===== DATA SECTION =====

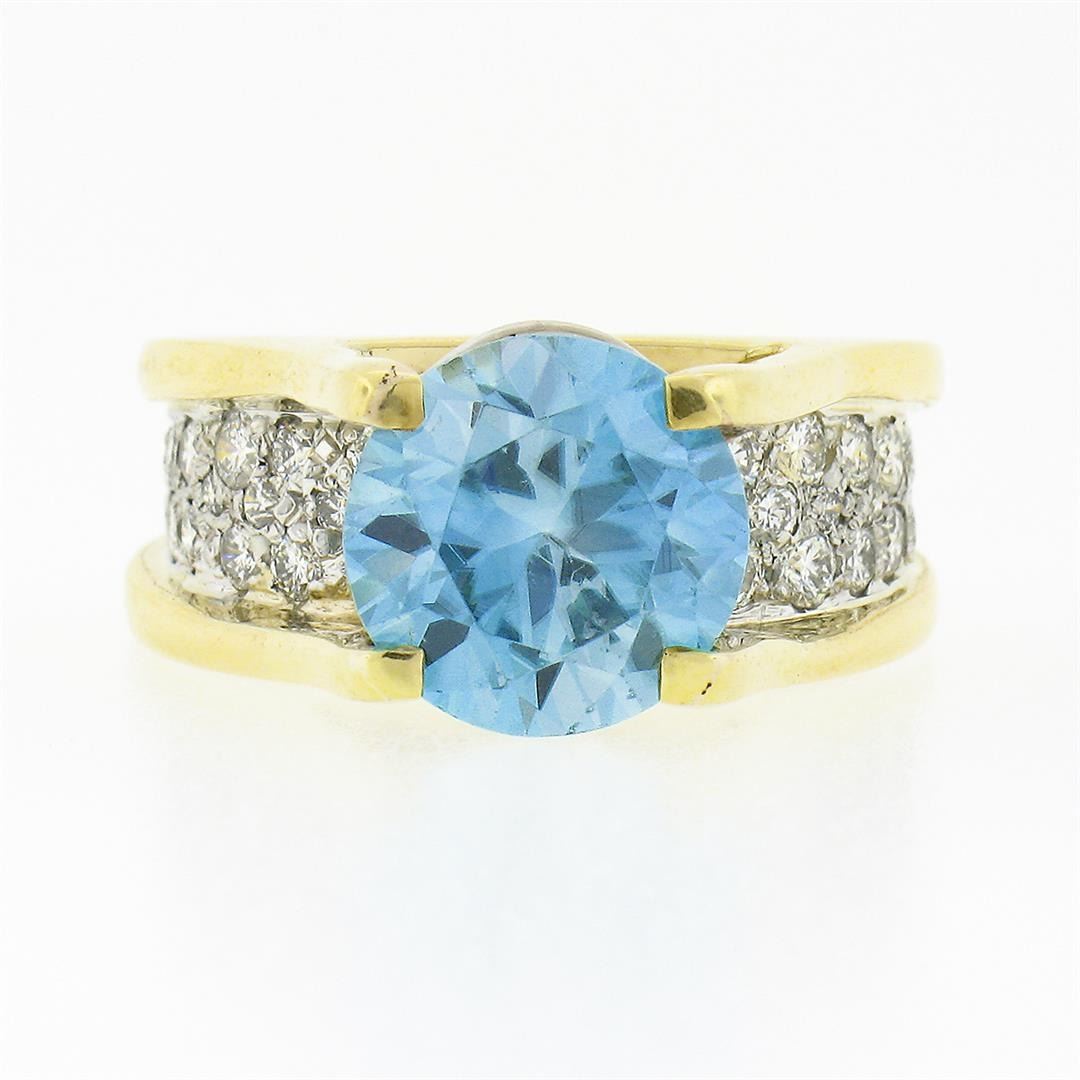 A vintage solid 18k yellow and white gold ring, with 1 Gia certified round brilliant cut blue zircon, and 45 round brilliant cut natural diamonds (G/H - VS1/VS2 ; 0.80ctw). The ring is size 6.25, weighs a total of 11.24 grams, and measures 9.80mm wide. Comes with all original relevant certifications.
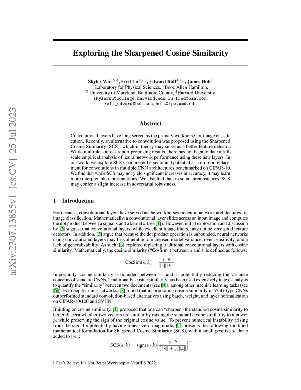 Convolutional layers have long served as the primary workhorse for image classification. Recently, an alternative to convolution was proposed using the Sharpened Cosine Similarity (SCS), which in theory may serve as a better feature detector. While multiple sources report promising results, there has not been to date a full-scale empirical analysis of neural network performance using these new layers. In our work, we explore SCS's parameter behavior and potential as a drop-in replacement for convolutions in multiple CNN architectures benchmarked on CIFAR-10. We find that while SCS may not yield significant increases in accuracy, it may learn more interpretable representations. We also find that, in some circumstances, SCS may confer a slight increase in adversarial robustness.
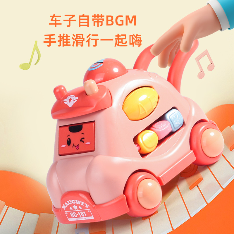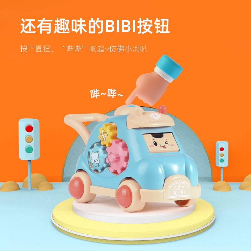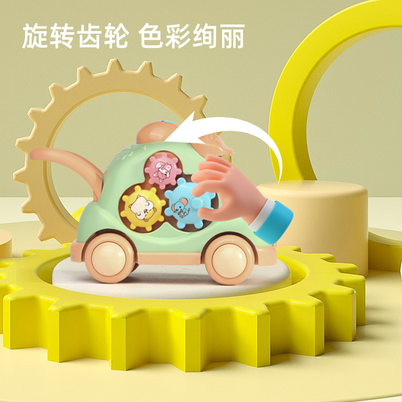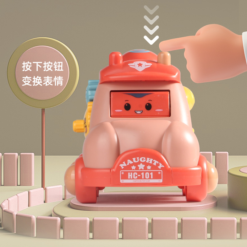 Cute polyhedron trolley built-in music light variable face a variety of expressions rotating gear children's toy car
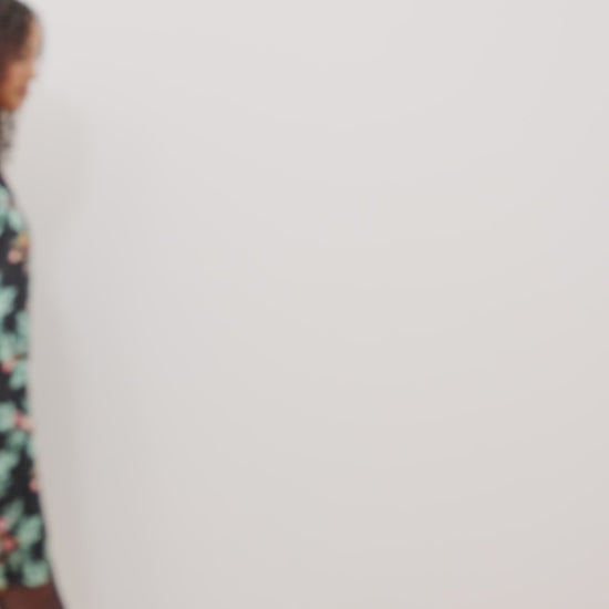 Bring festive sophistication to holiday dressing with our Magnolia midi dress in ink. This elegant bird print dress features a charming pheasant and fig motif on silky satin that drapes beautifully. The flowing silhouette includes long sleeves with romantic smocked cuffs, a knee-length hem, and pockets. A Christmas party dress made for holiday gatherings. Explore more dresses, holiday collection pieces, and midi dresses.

=====

## TASK DETAILS
Would you restate the listing word for word without its pictures?

## ANSWER SECTION
 A vintage solid 18k yellow and white gold ring, with 1 Gia certified round brilliant cut blue zircon, and 45 round brilliant cut natural diamonds (G/H - VS1/VS2 ; 0.80ctw). The ring is size 6.25, weighs a total of 11.24 grams, and measures 9.80mm wide. Comes with all original relevant certifications.
 Convolutional layers have long served as the primary workhorse for image classification. Recently, an alternative to convolution was proposed using the Sharpened Cosine Similarity (SCS), which in theory may serve as a better feature detector. While multiple sources report promising results, there has not been to date a full-scale empirical analysis of neural network performance using these new layers. In our work, we explore SCS's parameter behavior and potential as a drop-in replacement for convolutions in multiple CNN architectures benchmarked on CIFAR-10. We find that while SCS may not yield significant increases in accuracy, it may learn more interpretable representations. We also find that, in some circumstances, SCS may confer a slight increase in adversarial robustness.
 Cute polyhedron trolley built-in music light variable face a variety of expressions rotating gear children's toy car
 Bring festive sophistication to holiday dressing with our Magnolia midi dress in ink. This elegant bird print dress features a charming pheasant and fig motif on silky satin that drapes beautifully. The flowing silhouette includes long sleeves with romantic smocked cuffs, a knee-length hem, and pockets. A Christmas party dress made for holiday gatherings. Explore more dresses, holiday collection pieces, and midi dresses.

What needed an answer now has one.